Problem to work on - Each line of the data is to be output verbatim, with the images removed.

..........

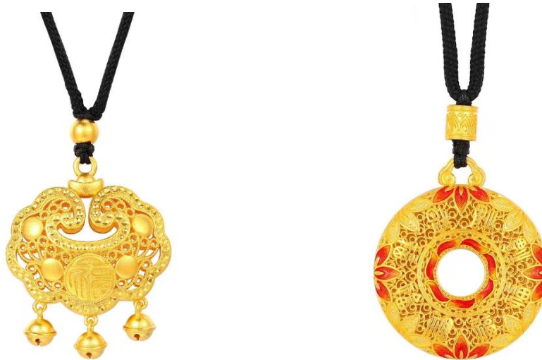
Figure 1: 'Fu' Character Ruyi Lock (left) and 'Fu' Character Peace Buckle (right)
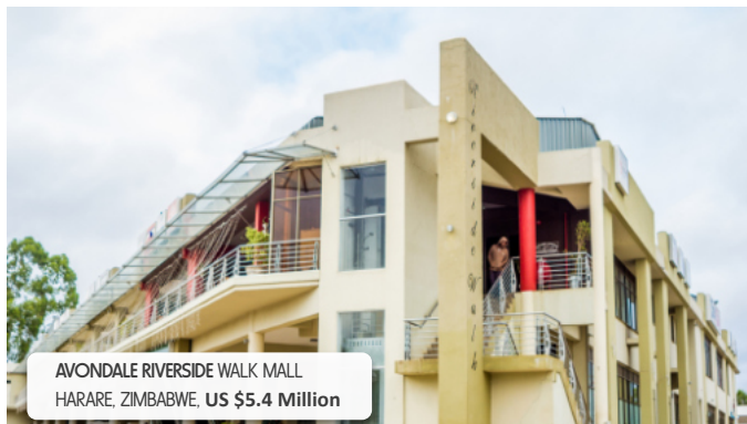
AVONDALE RIVERSIDE WALK MALL HARARE, ZIMBABWE, US $5.4 Million
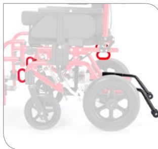
Standard Transit Brackets & Anti-Tipper
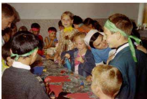
Handicraft workshop for children within the summer camp
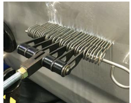
Tightly arrange keys for a more consistent pull
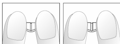
Diagrams 3 and 4: Easy breaking of half of the Nebivolol 5 mg cross-scored tablet into quarters.
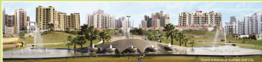
Grand entrance of Sushant Golf City
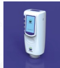
Small Concave-Convex End Face
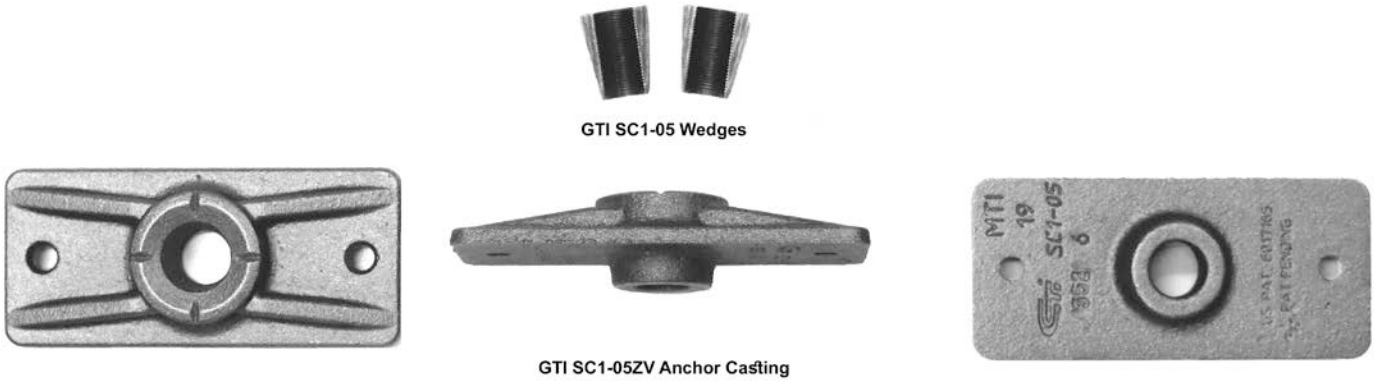
FIGURE 1—GTI ZERO VOID® POST-TENSIONING SYSTEM COMPONENTS

are identified by embossments with the product name designation and date lot codes. Packages of the anchor castings, machined anchors, couplers and wedges are labeled with the company name (General Technologies, Inc.) and address, part designation and tracing codes, and the evaluation report number (ESR-2515).
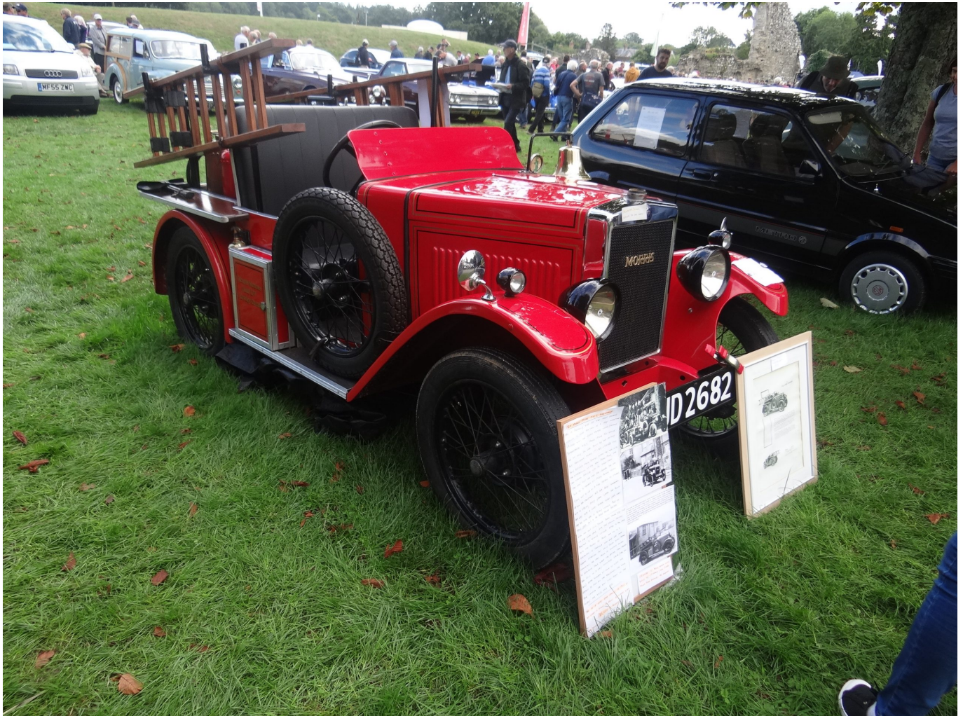
Offers above £25,000 were sought for this 'one off' overhead camshaft 1929 Morris Minor based fire engine.

..........

Answer below -
Figure 1: 'Fu' Character Ruyi Lock (left) and 'Fu' Character Peace Buckle (right)
AVONDALE RIVERSIDE WALK MALL HARARE, ZIMBABWE, US $5.4 Million
Standard Transit Brackets & Anti-Tipper
Handicraft workshop for children within the summer camp
Tightly arrange keys for a more consistent pull
Diagrams 3 and 4: Easy breaking of half of the Nebivolol 5 mg cross-scored tablet into quarters.
Grand entrance of Sushant Golf City
Small Concave-Convex End Face
FIGURE 1—GTI ZERO VOID® POST-TENSIONING SYSTEM COMPONENTS

are identified by embossments with the product name designation and date lot codes. Packages of the anchor castings, machined anchors, couplers and wedges are labeled with the company name (General Technologies, Inc.) and address, part designation and tracing codes, and the evaluation report number (ESR-2515).
Offers above £25,000 were sought for this 'one off' overhead camshaft 1929 Morris Minor based fire engine.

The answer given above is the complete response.